EXERCISE BRIEF: With pictures left out, write out exactly every line from the start of the data through the one that contains "Lyofood Millet Payasam".

++++++++

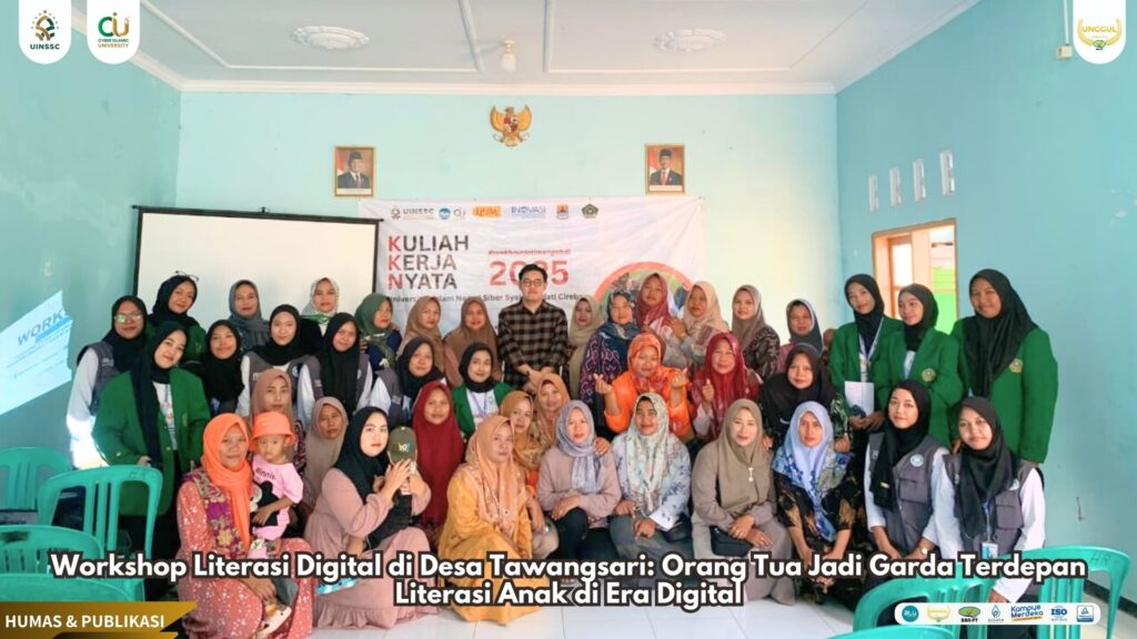 UIN Siber Cirebon (Tawangsari) – Di tengah derasnya arus informasi dan maraknya penggunaan gawai oleh anak-anak, peran orang tua sebagai pembimbing literasi digital menjadi semakin krusial. Melihat urgensi tersebut, mahasiswa Kuliah Kerja Nyata (KKN) Kelompok 10 UIN Siber Syekh Nurjati Cirebon menggelar Workshop Literasi Digital bertema “Peran Orang Tua dalam Membangun Literasi Anak di Era Digital”, yang berlangsung di Aula Desa Tawangsari.(15/08).
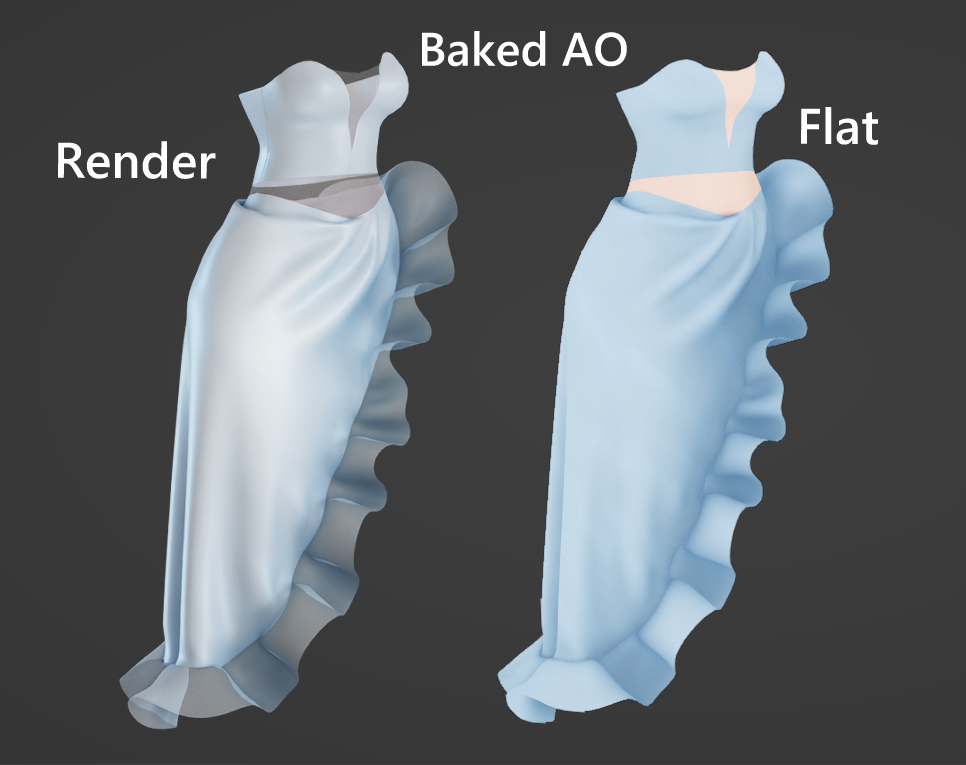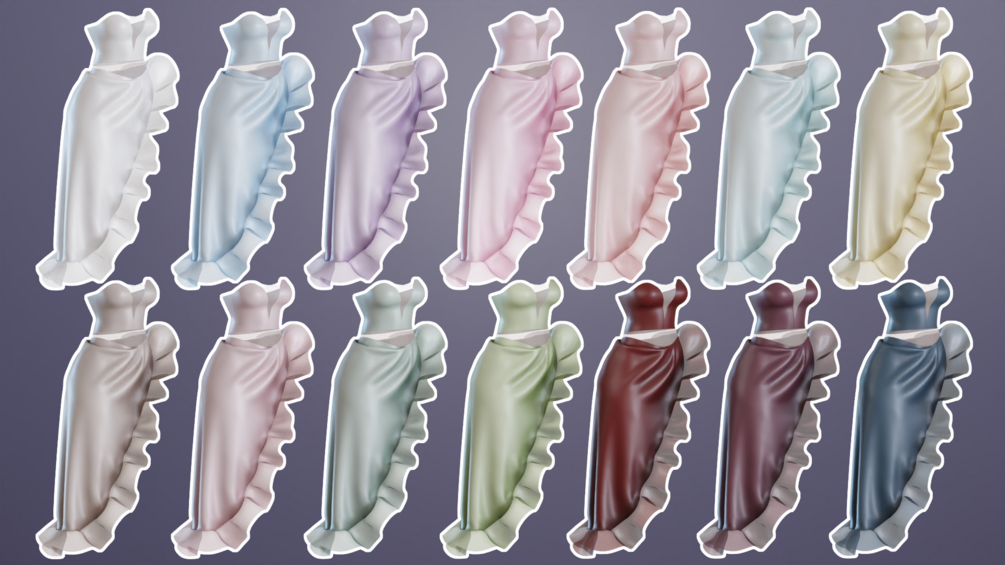 Base textures has build in opacity (no need for opacity map), but also comes with an option that uses alpha. Also has PSD files for each version to easily change color for the nude toned mesh parts or the dress itself. I recommend playing around w the different layer settings after how dark/light/vibrant etc u want the colors (multiply, color, soft light, overlay often works best)
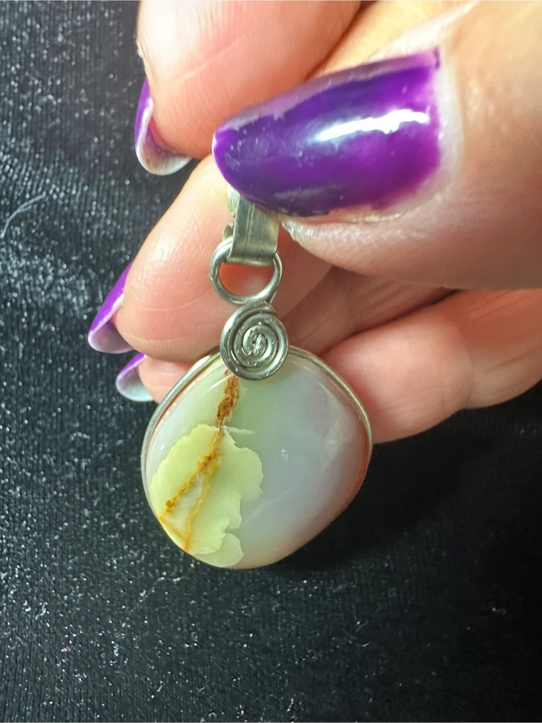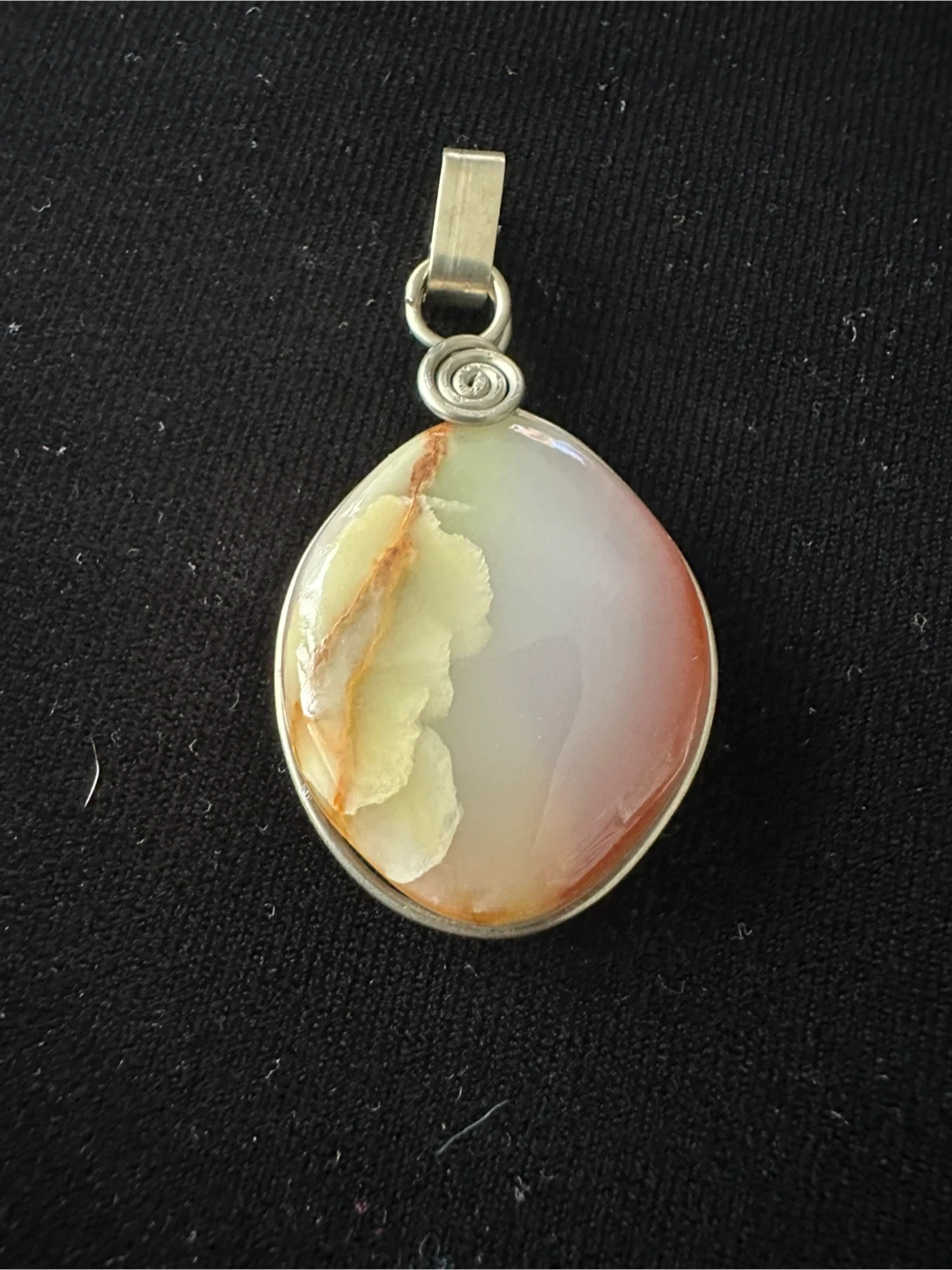 Selling a vintage pendant featuring a unique agate stone with a sterling silver bail. The stone has a lovely mix of colours. A beautiful addition to any jewellery collection!
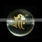 12mm Natural Round AA Grade Rock Crystal Carved Golden 7 Sanskirt Letter Beads for Jewlery
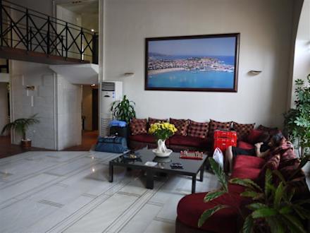 Die Sitzgruppe befindet sich schräg gegenüber dem Empfang direkt benen dem Eingang. Vor der Sitzgruppe ist die einizge Möglichkeit, sein Gepäck "aufzubewahren" bei zu früher oder später Abreise...
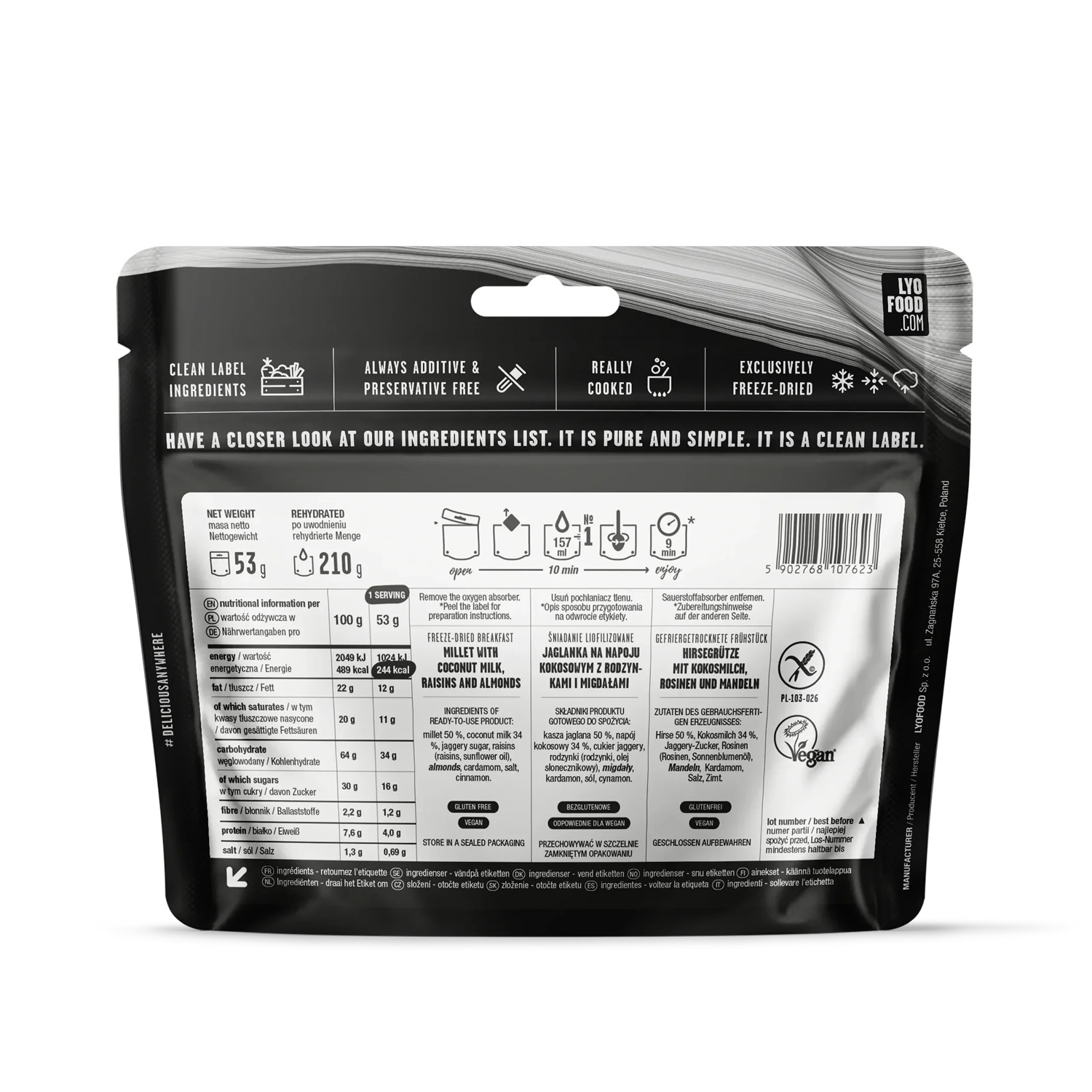 Lyofood Millet Payasam Freeze-dried breakfast: Millet with coconut milk, raisins and almonds
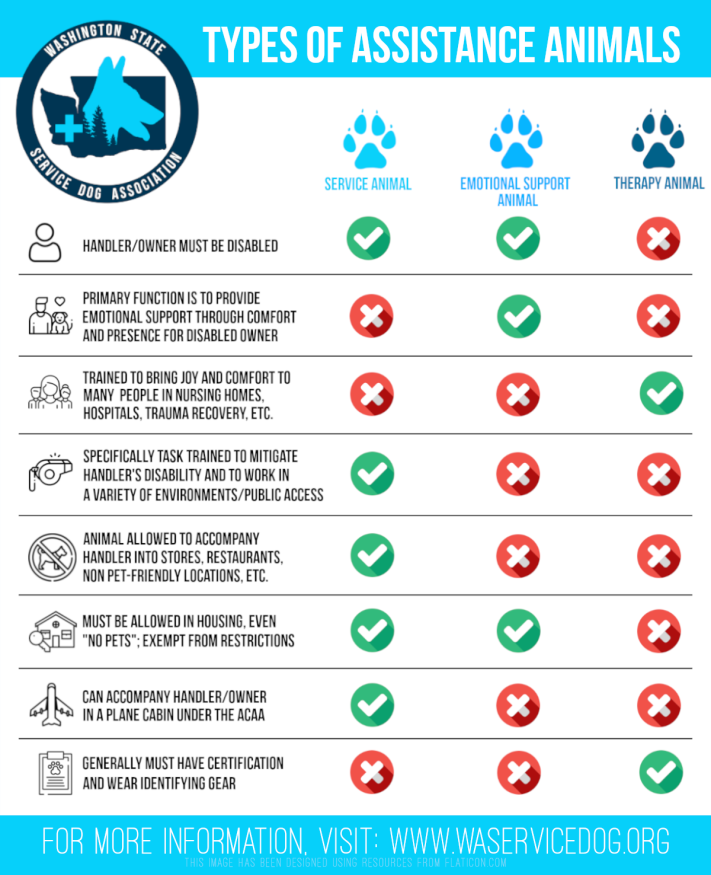 In the U.S., all service dog and ESA: “registries,” “certifications,” “paperwork,” and/or “I.D.’s” obtained online are typically scams, and hold zero legal merit for housing, public access, or air travel purposes. The Department of Justice (DOJ) does not recognize documentation obtained online as proof that the animal is trained or as proof that there is a disability-related need for the animal. In Washington, and in over 20 other states throughout the country, it is a crime to misrepresent one’s animal as a trained service animal. It is important to follow the laws on service animals and not bring untrained animals into non pet-friendly places; all too often, they can distract trained service animals who may miss an alert their handler relies on to stay safe.
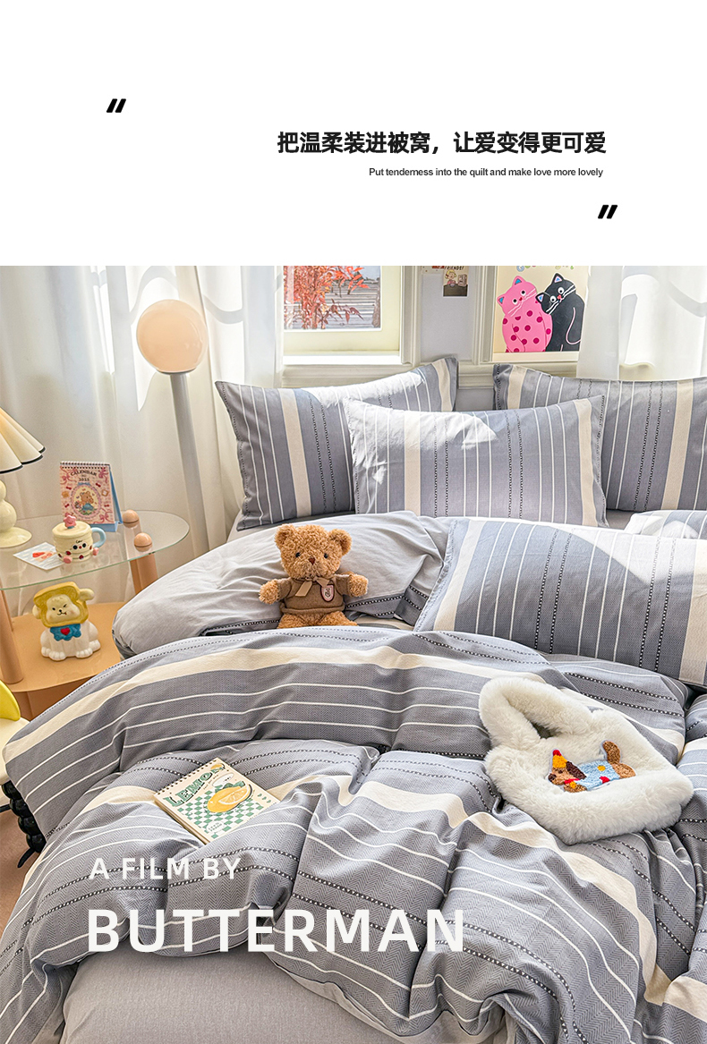 简宜家居(朝初家纺) 2025新款40支13070纯棉四件套 条纹艺术
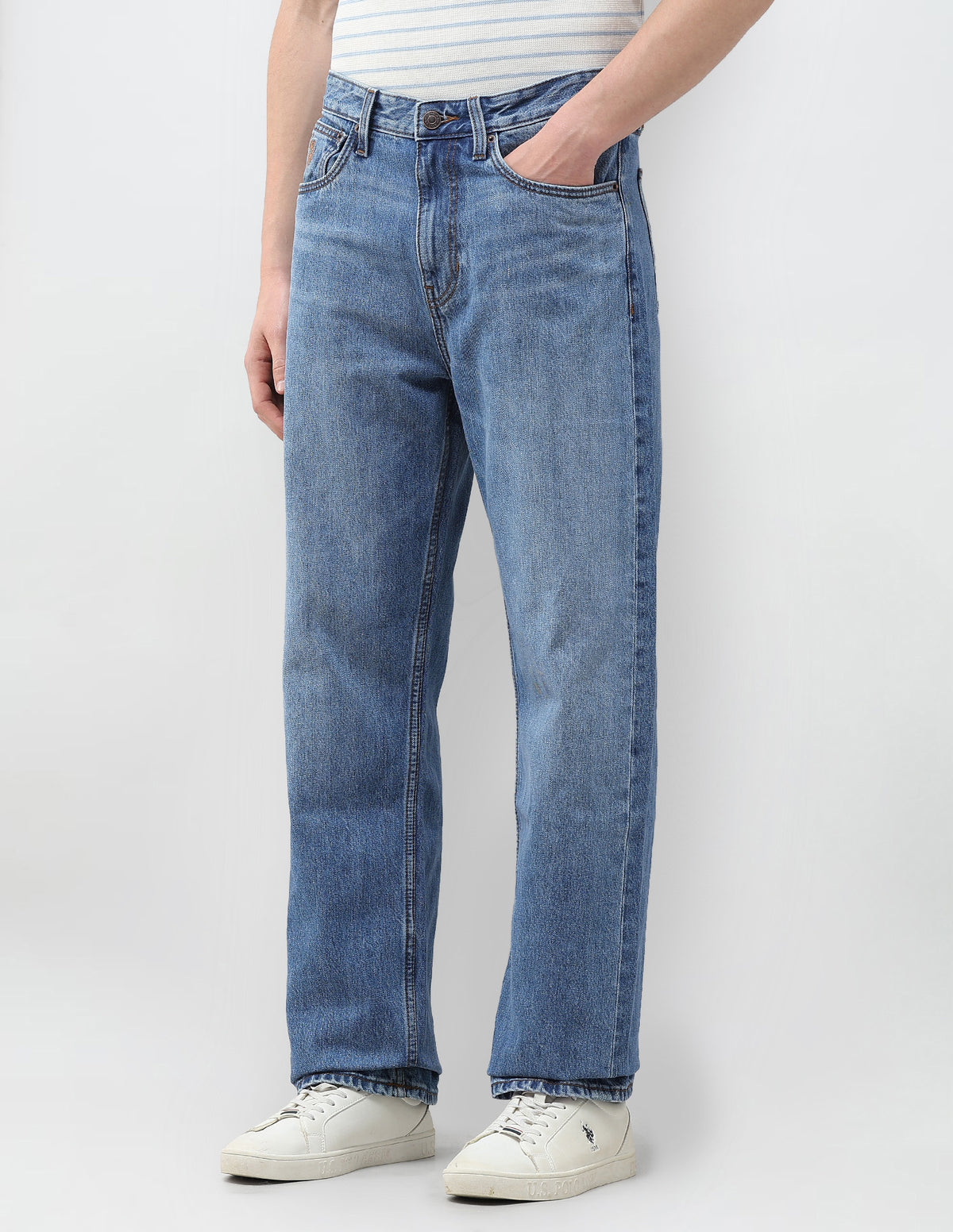 Story: These stretchable 5-pocket fashion denim jeans feature a Logan loose fit with whiskered treatment, designed for men seeking relaxed casual style and comfort.
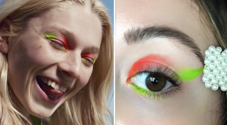 From there, you simply click "Try It," and gain access to ten glam AF filters, most of which serve major Jules and Maddy vibes. There's an all-yellow eye with a bright white cut crease, a minimalist neon orange graphic liner, and of course, a few face gems, in true Maddy fashion.
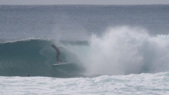 早朝はここのビーチがチューブ波になっている情報が出回っておらず、少し遅れ気味で駆けつけたにも関わらず、わずかな時間で誰よりもいい波を掴みチューブをガチ決めしていった田中英義さすがと改めて痛感させられたcolorsmagでありました。
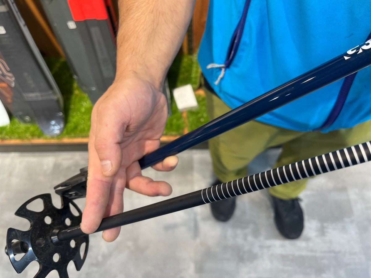 最近ではカーボンポールといっても中にアルミ合金の補強が入っていたり、正直なところストックを真っ二つに切ってみないとわからないことだらけなんですよね!(笑)山スキーモデルでは、上段シャフトと下段シャフトで素材を変えて強度とバランスを兼ね備えているモデルがたくさんあります。

++++++++

RESULT:
 UIN Siber Cirebon (Tawangsari) – Di tengah derasnya arus informasi dan maraknya penggunaan gawai oleh anak-anak, peran orang tua sebagai pembimbing literasi digital menjadi semakin krusial. Melihat urgensi tersebut, mahasiswa Kuliah Kerja Nyata (KKN) Kelompok 10 UIN Siber Syekh Nurjati Cirebon menggelar Workshop Literasi Digital bertema “Peran Orang Tua dalam Membangun Literasi Anak di Era Digital”, yang berlangsung di Aula Desa Tawangsari.(15/08).
 Base textures has build in opacity (no need for opacity map), but also comes with an option that uses alpha. Also has PSD files for each version to easily change color for the nude toned mesh parts or the dress itself. I recommend playing around w the different layer settings after how dark/light/vibrant etc u want the colors (multiply, color, soft light, overlay often works best)
 Selling a vintage pendant featuring a unique agate stone with a sterling silver bail. The stone has a lovely mix of colours. A beautiful addition to any jewellery collection!
 12mm Natural Round AA Grade Rock Crystal Carved Golden 7 Sanskirt Letter Beads for Jewlery
 Die Sitzgruppe befindet sich schräg gegenüber dem Empfang direkt benen dem Eingang. Vor der Sitzgruppe ist die einizge Möglichkeit, sein Gepäck "aufzubewahren" bei zu früher oder später Abreise...
 Lyofood Millet Payasam Freeze-dried breakfast: Millet with coconut milk, raisins and almonds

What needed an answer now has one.